The concert continued with the Violin Concerto by Christopher Rouse, performed by Cho-Liang (Jimmy) Lin, the dedicatee. Jimmy played with an unassuming elegance and buoyancy, sailing over technical hurdles and unveiling the intimate moments in the largely scored work. The piece begins with the solo violin, with a first-desk violin, viola, and cello added one at a time to form a string quartet. The student soloists were a fine match for the master, who set a wonderful example and then invited each player to join in. As with Mahler, Rouse alternated between a chamber music setting with fewer players and the full orchestra, which allowed for a wide range of characters and emotions. Jimmy’s unforced sound was only occasionally overshadowed by the full orchestra. Three full-blown tutti parts were without the solo violin, and the orchestra took full advantage of the orchestration, producing rich sonorities. While it is shown as a two-movement work, the Rouse sounded more like a rhapsody to me. It provided an excellent vehicle for Jimmy, highlighting his strengths as a soloist and chamber musician.

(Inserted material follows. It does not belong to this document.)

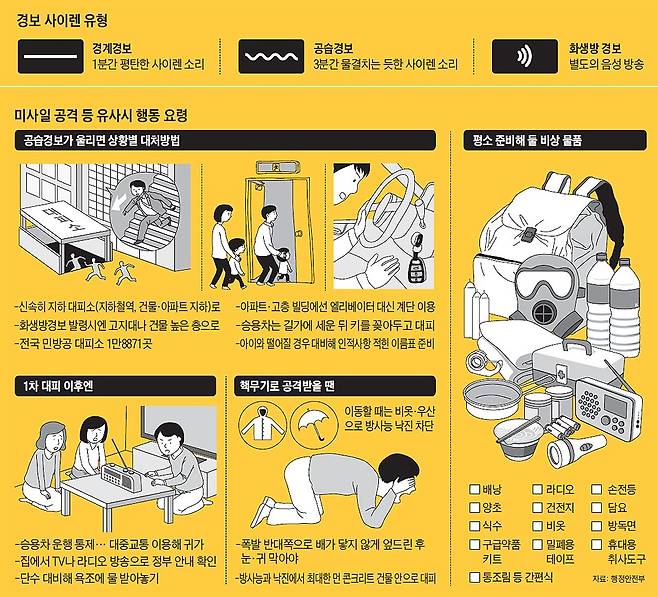 공습경보 땐.. 건물선 5분내 지하로, 밖이면 지하철역 달려가라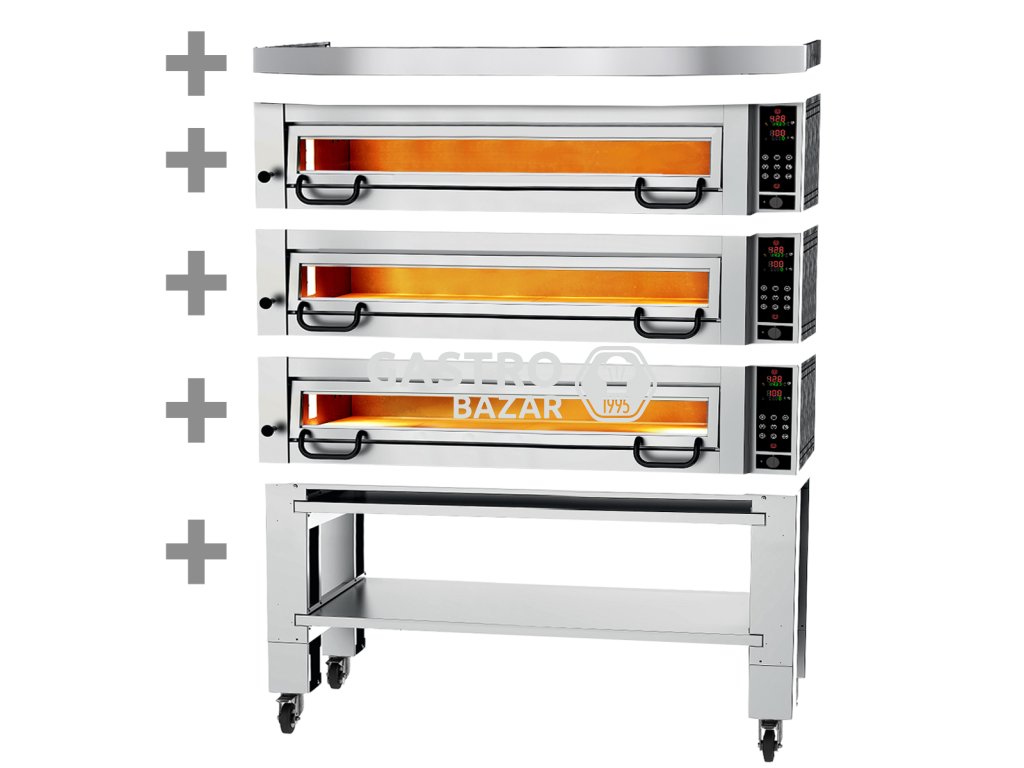 Pec na pizzu s digestoří a podestavbou - 9 + 9 + 9 Ø 34 cm

The final work was Bartok’s Concerto for Orchestra. It is Bartok’s most performed and recorded work, and is a favorite with conductors, orchestras, and audiences. The soloists are sections of the orchestra, performing individually or together. What was revealed in this performance was an expertly trained ensemble with no weak links. The opening, with the basses and celli in octaves, was expertly balanced in favor of the lower octave. This attention to details of balance was evident throughout, and the beauty of sound in each section was a pleasure to the ear. (Although, I am partial to wanting a bit more color in the violas.) Moments that stood out were numerous–a selected few include wind duets played at different intervals in the second movement. (Some hear this movement as the procession of pairs of animals into Noah’s arc, while others dismiss that idea completely.) The opening of the third movement, Elegia, was exquisitely colorful, joined shortly later by a plaintive oboe solo. The fourth movement was Bartok’s parody of Shostakovich’s Seventh Symphony, complete with two (ahem) farts in the slide trombone. The Finale contains brilliant passages in the strings that were, again, devoid of insecurities or faking. In the jubilant final dance the orchestra let loose, prompting a standing ovation for their stellar performance.


As the old saying goes, “How do you get to Carnegie Hall? Practice, practice, practice.” Well, the practice has been done, and they’re ready to do us proud. I have a feeling that after their concerts on the east coast, people will be asking, “How do you get to Houston?”